After a long illness, she bought, in 1845, two acres of land, and built her pretty graystone cottage, near Ambleside, on Lake Windermere, where she lived until her death. Here she met the aged poet Wordsworth, and here she wrote numerous books on many subjects, always with a clear head and a brave heart.
Her death caused mourning throughout England, and on this side of the ocean the sorrow was not less genuine and the honor not less universal.
A statue of her in white marble was unveiled in Boston in 1883, on which occasion in his last public speech, Wendell Phillips said: “In an epoch fertile of great genius among women, it may be said of Miss Martineau, that she was the peer of the noblest, and that her influence on the progress of the age was more than equal to that of all the others combined.”
From Woman: Her Position, Influence and Achievement Throughout the Civilized World. Designed and Arranged by William C. King. Published in 1900 by The King-Richardson Co. Copyright 1903 The King-Richardson Co.:
Harriet L. Martineau, English Authoress, 1802 – 1876 A.D.

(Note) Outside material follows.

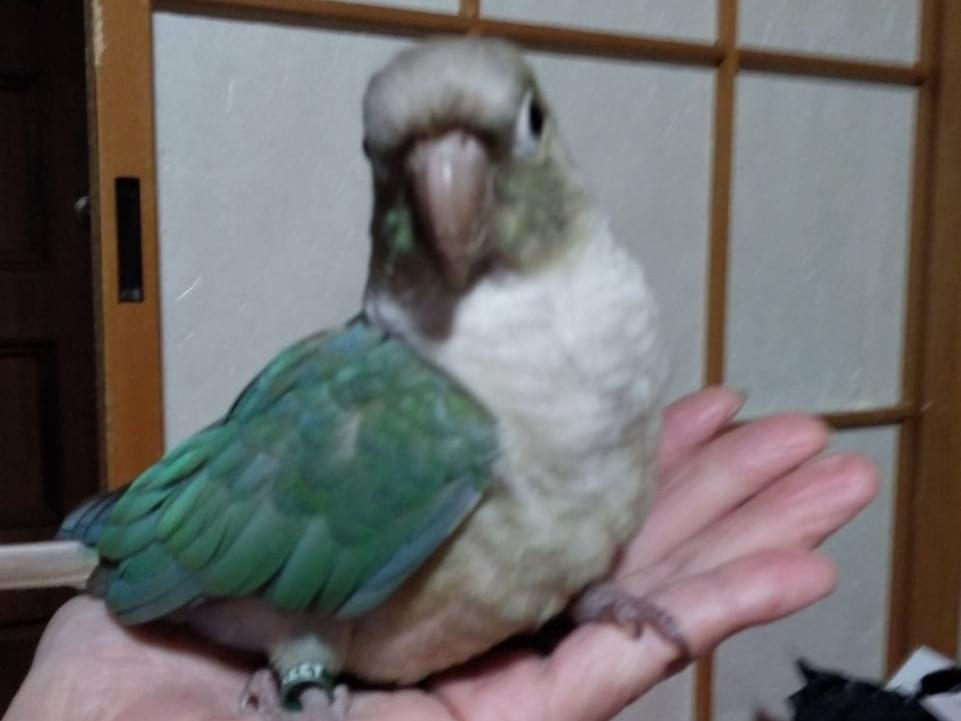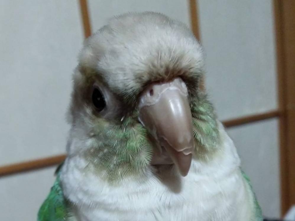 頭がグレーで首から胸にかけて白っぽいグレー、身体は緑系。

Her ancestors were French and moved to England upon the revocation of the edict of Nantes. Her education was thorough as the times afforded for women. Hers was a strong character. While she had earnestness, courage, and sincerity, she was self-willed, self-opinionated, and self-conscious. She says of herself in her autobiography, that she was possessed of a temper “downright devilish” and had a “capacity for jealousy which was something frightful,” at the age of four years.
She was the sixth child in a household of eight. It was a busy, hard-working family. She was early afflicted with deafness, which increased with years and her mind was much shut in.

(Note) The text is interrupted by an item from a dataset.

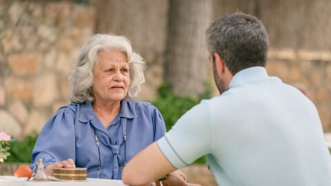 Así, Delia ha amenazado con llamar a las enfermeras o incluso a la policía si Andrés no le cuenta de inmediato toda la verdad. Él le ha revelado su verdadera identidad y le ha contado a Delia toda la historia sobre cómo su hijo llegó a Toledo y se instaló con los De la Reina.

She found it necessary to do something which could not be performed apart from others, and turned to study, which became a passion. Her father lost his property and all were obliged to do something, not merely for an occupation but for a livelihood.
1825-26 was a time of speculations, collapses, and crashes. The bitter experiences of her family influenced her literary career. In this school of experience she learned to write on the burning questions of State, and especially political economy. Her experiences and vehement disposition made these works mightily trenchant.

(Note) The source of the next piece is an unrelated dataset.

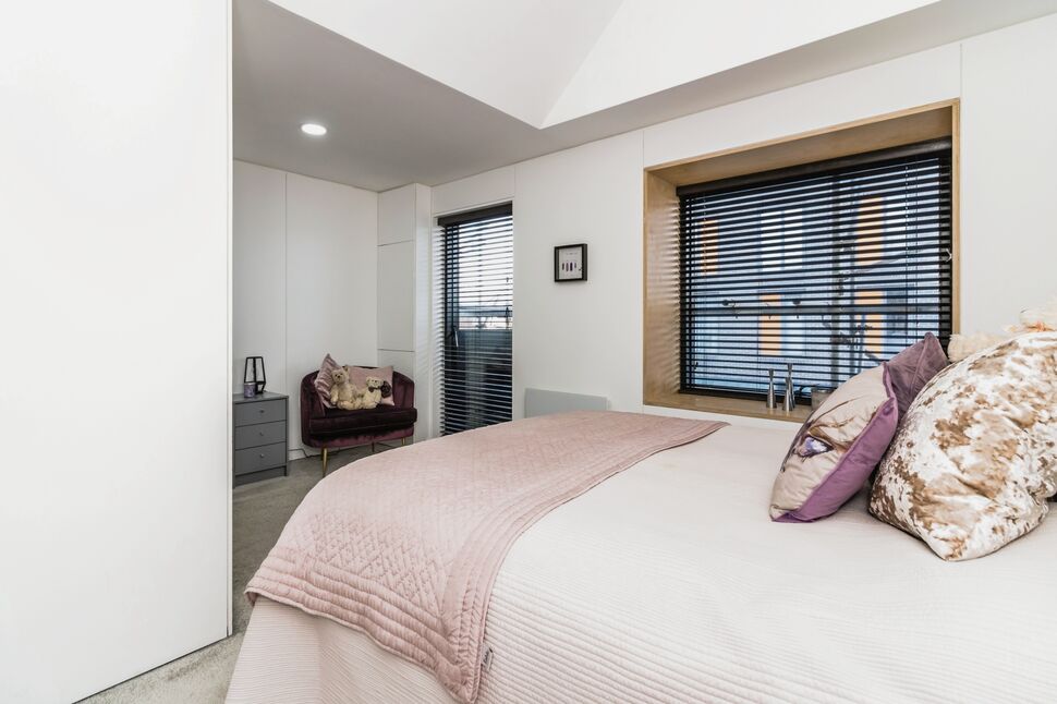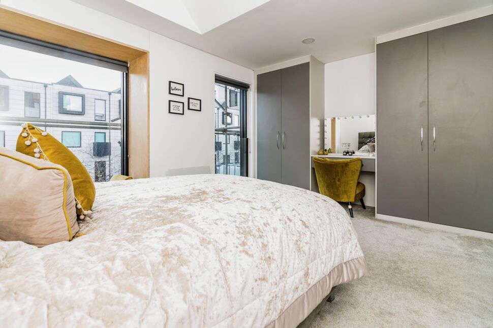 Two full-height windows to the rear elevation, carpeted floor, electric heating, fitted wardrobes and dressing table.

Eminent statesmen asked her to write on almost every conceivable topic connected with legislation. Lord Brougham offered to collect evidence for her series on the Poor Laws and place it at her disposal. The Series was successful beyond her dreams. She tells her experience of a visit into the outer air for the first thorough holiday taken for nearly three years.
So she came to the United States on her completion of her English Political Tales. Everywhere she was graciously received, though her strong anti-slavery utterances detracted from her popularity in some places. But this is to her honor.
She was impatient and cared only to speak the truth with the greatest possible force.